- **The task**: Repeat only the stretch of lines below that runs from the line with "Printable Icon Stickers" through the line with "Красивые серьги для", unaltered.

- **Records shown**:
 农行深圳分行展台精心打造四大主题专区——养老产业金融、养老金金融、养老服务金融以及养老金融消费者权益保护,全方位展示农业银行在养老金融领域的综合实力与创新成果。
---
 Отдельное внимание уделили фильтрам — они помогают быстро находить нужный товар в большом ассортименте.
==
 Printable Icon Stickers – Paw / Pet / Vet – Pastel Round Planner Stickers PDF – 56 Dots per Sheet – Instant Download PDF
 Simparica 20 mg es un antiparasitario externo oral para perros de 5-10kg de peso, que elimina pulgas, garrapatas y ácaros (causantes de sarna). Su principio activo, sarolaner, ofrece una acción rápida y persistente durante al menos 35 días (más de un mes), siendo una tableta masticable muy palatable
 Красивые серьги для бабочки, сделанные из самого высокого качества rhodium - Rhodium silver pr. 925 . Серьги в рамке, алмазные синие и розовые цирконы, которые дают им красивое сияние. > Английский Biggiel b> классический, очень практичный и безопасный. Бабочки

- **Reply to the task**:
 Printable Icon Stickers – Paw / Pet / Vet – Pastel Round Planner Stickers PDF – 56 Dots per Sheet – Instant Download PDF
 Simparica 20 mg es un antiparasitario externo oral para perros de 5-10kg de peso, que elimina pulgas, garrapatas y ácaros (causantes de sarna). Su principio activo, sarolaner, ofrece una acción rápida y persistente durante al menos 35 días (más de un mes), siendo una tableta masticable muy palatable
 Красивые серьги для бабочки, сделанные из самого высокого качества rhodium - Rhodium silver pr. 925 . Серьги в рамке, алмазные синие и розовые цирконы, которые дают им красивое сияние. > Английский Biggiel b> классический, очень практичный и безопасный. Бабочки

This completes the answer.